‘Quit Coal’ Greenpeacers Scale Power Plant Smokestack in Chicago
CHICAGO, Illinois, May 24, 2011 (ENS) – Before dawn, eight Greenpeace activists climbed the 450 foot smokestack at the Fisk coal and oil fueled power plant in Chicago. From the stack, they demanded that the operators shut down the Fisk plant and Crawford, another nearby coal power plant.
The demonstration was timed to coincide with a U.S. Environmental Protection Agency hearing in Chicago today on a rule that will place a limit on the amount of mercury and other air pollutants coal-fired power plants are allowed to emit.
Greenpeace activist displays a Quit Coal banner from the Fisk power plant smokestack. (Photo courtesy Greenpeace)
“As a Chicago resident, I know that we must shut this plant down – to make our air cleaner, our communities safer, and to stop the effects of global warming,” said Kelly Mitchell, one of the activists who climbed Fisk’s stack.
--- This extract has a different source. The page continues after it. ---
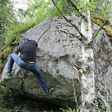 Yksinäinen muutaman reitin matala kivi harvaan hakatulla metsä alueella. Alastulomaastot hyvät.
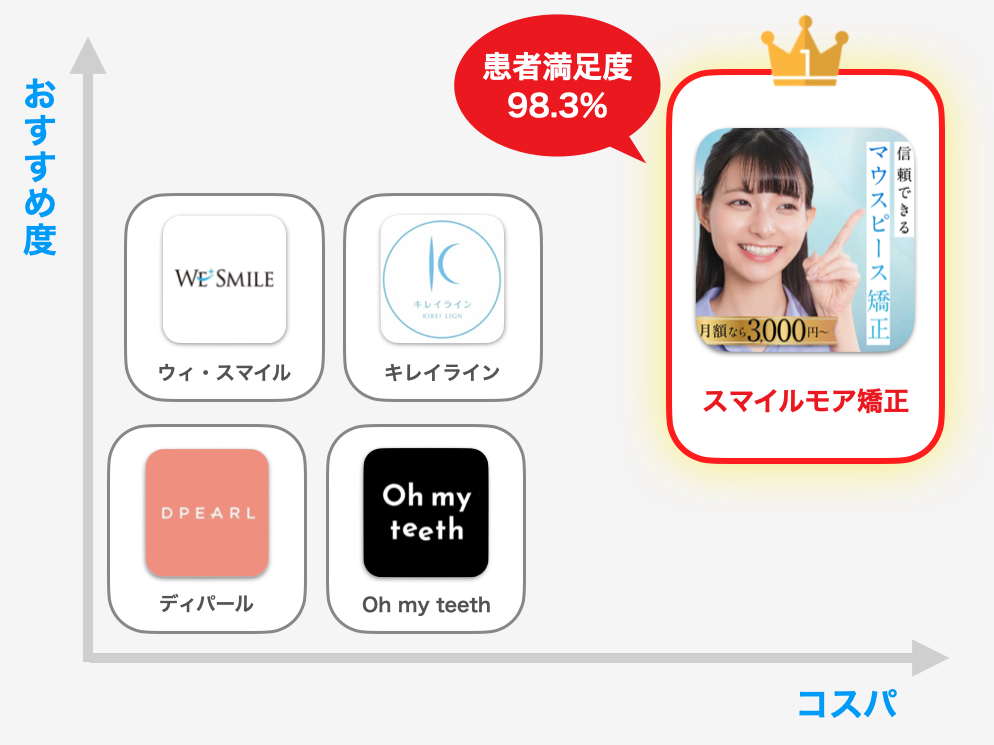 | マウスピース矯正 | ![]() スマイルモア矯正 | ![]() キレイライン矯正 | ![]() ウィスマイル矯正 | ![]() Oh my teeth | ![]() ディパール |

“All across America, companies like Edison International are poisoning communities with their coal plants – and people like us are fighting to have those communities voices heard. We’re going to stay up here until Edison International hears our message,” said Mitchell.
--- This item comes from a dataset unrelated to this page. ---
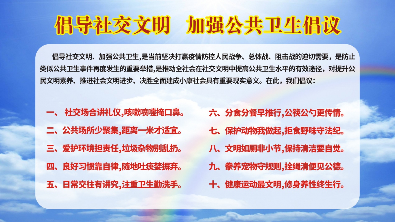 倡导社交文明、加强公共卫生,是当前坚决打赢疫情防控 人民战争、总体战、阻击战的迫切需要,是防止类似公共卫生 事件再度发生的重要举措,是推动全社会在社交文明中提高公 共卫生水平的有效途径,对提升公民文明素养、推进社会文明 进步、决胜全面建成小康社会具有重要现实意义。在此,我们 倡议:-、 社交场合讲礼...

As of this afternoon, the activists were still up on the stack, though “it looks like the police are arriving on the scene,” Greenpeace spokesperson Molly Dorozenski told reporters.
The Fisk and Crawford plants, operated by Midwest Generation, a subsidiary of Edison International, are among the oldest in the United States.
More people live in range of these plants than any other coal plant in America, says Greenpeace, adding that nearly one in four Chicagoans live in a three mile radius of one or both plants.
Greenpeace is outraged that coal fired power plants kill between 13,000 and 34,000 people a year – as many as one person every 15 minutes.
“That staggering figure includes the 42 Chicagoans who die as a result of pollution from Fisk and Crawford, including residents in the severely affected communities of Pilsen, near the Fisk plant, and Little Village, near the Crawford plant,” Greenpeace said in a statement announcing the protest action.
Leila Mendez, a resident of the Pilsen community affected by this plant said, “We’re fighting for our lives. This plant has a significant impact on the health of our communities and our children. These plants don’t power Chicago; the profits go out of state, and we get stuck with the pollution. It’s time to stand up to Edison International and demand more for our future.”
Greenpeacers up on the Fisk smokestack (Photo courtesy Greenpeace)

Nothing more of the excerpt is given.